More registrars face long wait for billings share

2 minute read


The three-month pay cycle was being used in 28% of practices in 2017, up from 19% in 2014, according to the latest national survey


GP registrars are aggrieved that a growing number of training practices are making them wait three months to receive their share of billings.

The three-month pay cycle was used in 28% of practices in 2017, up from 19% in 2014, according to the latest national survey by General Practice Registrars Australia.

In 2014, most practices paid fortnightly or weekly.

“This is causing a lot of dissatisfaction among registrars GPRA hears from,” GPRA president Dr Melanie Smith said.

Flat growth in the national pay rates for employee registrars, negotiated with the GP Supervisors Association, meant their Medicare billings were a significant part of their income.

“Withholding this payment for three months is not a fair and reasonable way for training practices to treat their GP registrar employees.”

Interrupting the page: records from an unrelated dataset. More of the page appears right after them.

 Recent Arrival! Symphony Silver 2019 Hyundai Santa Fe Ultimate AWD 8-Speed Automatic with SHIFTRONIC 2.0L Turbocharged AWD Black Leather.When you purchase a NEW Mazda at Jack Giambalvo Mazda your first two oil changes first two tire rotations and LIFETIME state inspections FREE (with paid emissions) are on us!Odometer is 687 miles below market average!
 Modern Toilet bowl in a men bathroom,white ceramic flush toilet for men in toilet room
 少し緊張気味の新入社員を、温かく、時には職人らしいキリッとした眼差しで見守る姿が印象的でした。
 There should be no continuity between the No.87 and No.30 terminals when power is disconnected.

This could be a significant source of stress, especially for GP registrars who had to relocate to do their training placement, she said.

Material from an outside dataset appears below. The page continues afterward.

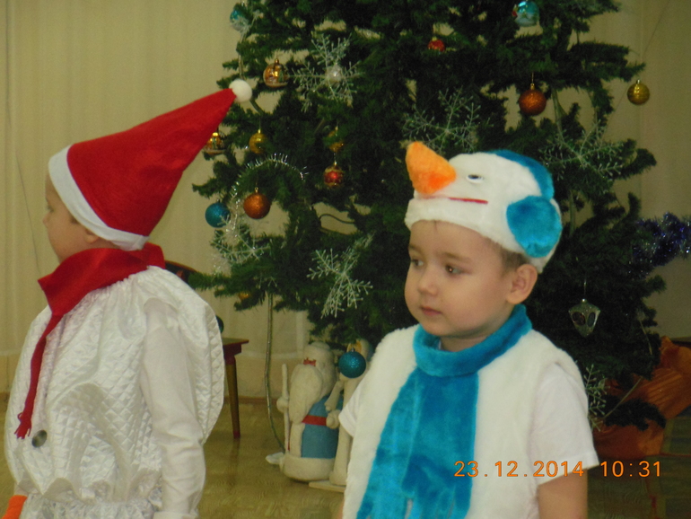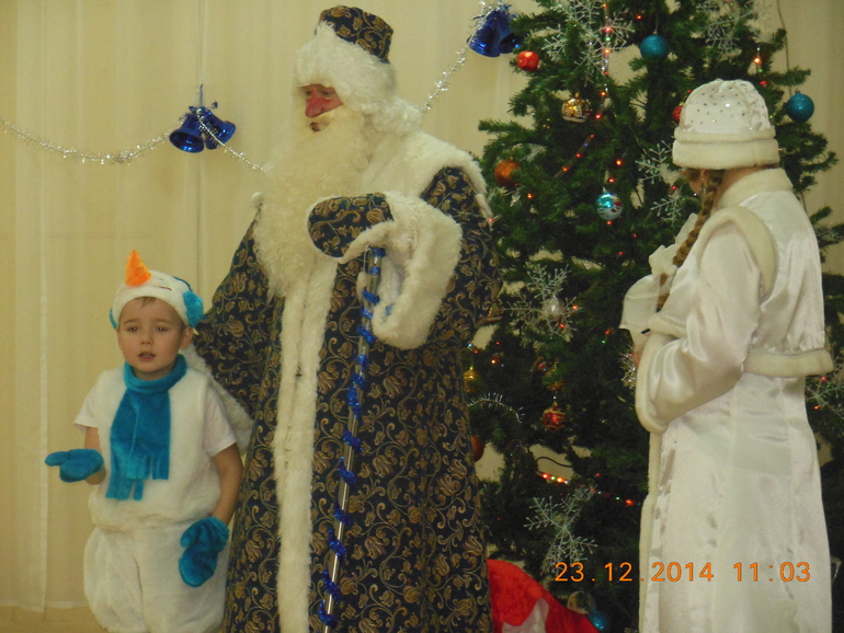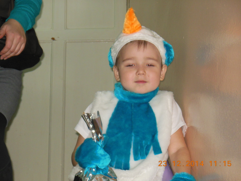 был сегодня в садике.Бабушка не могла пропустить такое мероприятие.Михась немного приболел-похоже ротовирус.Три дня был дома с папой.Сегодня уже чувствовал себя хорошо.Сначала был немного зажат,а потом развеселился.Он был снеговиком.Ребяткам было весело.Коллектив воспитателей постарался.А Дед Мороз был такой классный,да и снегурочка зажигалочка.После утренника внук решил,что поедет с папой домой.Папа же отпуск догуливает.

Receiving a percentage of billings made up for the low base rate of pay for GP registrars compared with hospital registrars, and was a “key part of a fair and reasonable employment situation”.

Typically, registrars received 44.79% of their billings, the base rate under the negotiated agreement.

These funds were needed to pay for study resources, college examination fees and other training costs as well as day-to-day living expenses, Dr Smith said.

The GPRA 2017 Benchmarking Survey revealed that 10.6% of practices paid registrars their share of billings monthly, 40.6 % paid fortnightly and 8.9% paid weekly.

“Unfortunately, 28% of practices force registrars to wait for three months to receive their share of the Medicare billings they have earned for their training practice,” Dr Smith said.

“That means they wait up to 13 times as long as other registrars to receive their percentage of their billings.”

The long delay was “disappointing”, given than more 60% of practices paid their registrars their share of the Medicare billings they had earned “within a reasonable timeframe, at least monthly”.

The GP supervisors’ association advises training practices to pay no more than the agreed percentage, to pay “no less than three-monthly” and to pay “on receipt”.

It recommends practices pay the base salary and a payment for their billings after 13 weeks.